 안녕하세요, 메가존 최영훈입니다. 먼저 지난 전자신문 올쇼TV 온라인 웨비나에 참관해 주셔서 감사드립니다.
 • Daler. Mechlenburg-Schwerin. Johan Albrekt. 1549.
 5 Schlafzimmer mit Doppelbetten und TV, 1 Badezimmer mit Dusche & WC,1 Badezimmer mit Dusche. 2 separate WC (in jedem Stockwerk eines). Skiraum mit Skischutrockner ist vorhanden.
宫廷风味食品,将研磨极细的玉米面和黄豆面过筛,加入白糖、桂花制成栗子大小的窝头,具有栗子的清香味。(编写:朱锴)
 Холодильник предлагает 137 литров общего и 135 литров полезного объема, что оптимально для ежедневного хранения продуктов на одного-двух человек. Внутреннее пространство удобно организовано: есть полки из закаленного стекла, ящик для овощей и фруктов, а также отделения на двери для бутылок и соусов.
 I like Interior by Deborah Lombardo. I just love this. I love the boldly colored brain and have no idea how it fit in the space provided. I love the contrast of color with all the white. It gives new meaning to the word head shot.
______________________________
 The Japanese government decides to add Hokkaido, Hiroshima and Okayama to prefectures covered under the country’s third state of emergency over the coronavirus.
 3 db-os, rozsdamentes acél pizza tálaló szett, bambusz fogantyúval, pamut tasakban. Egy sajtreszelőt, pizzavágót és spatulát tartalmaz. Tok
______________________________
## What you have to do
Looking at the data above, write out exactly the lines that start at the one containing "안녕하세요, 메가존 최영훈입니다." and end at the one containing "I like Interior"; include both and nothing beyond.

## Result of this task
 안녕하세요, 메가존 최영훈입니다. 먼저 지난 전자신문 올쇼TV 온라인 웨비나에 참관해 주셔서 감사드립니다.
 • Daler. Mechlenburg-Schwerin. Johan Albrekt. 1549.
 5 Schlafzimmer mit Doppelbetten und TV, 1 Badezimmer mit Dusche & WC,1 Badezimmer mit Dusche. 2 separate WC (in jedem Stockwerk eines). Skiraum mit Skischutrockner ist vorhanden.
宫廷风味食品,将研磨极细的玉米面和黄豆面过筛,加入白糖、桂花制成栗子大小的窝头,具有栗子的清香味。(编写:朱锴)
 Холодильник предлагает 137 литров общего и 135 литров полезного объема, что оптимально для ежедневного хранения продуктов на одного-двух человек. Внутреннее пространство удобно организовано: есть полки из закаленного стекла, ящик для овощей и фруктов, а также отделения на двери для бутылок и соусов.
 I like Interior by Deborah Lombardo. I just love this. I love the boldly colored brain and have no idea how it fit in the space provided. I love the contrast of color with all the white. It gives new meaning to the word head shot.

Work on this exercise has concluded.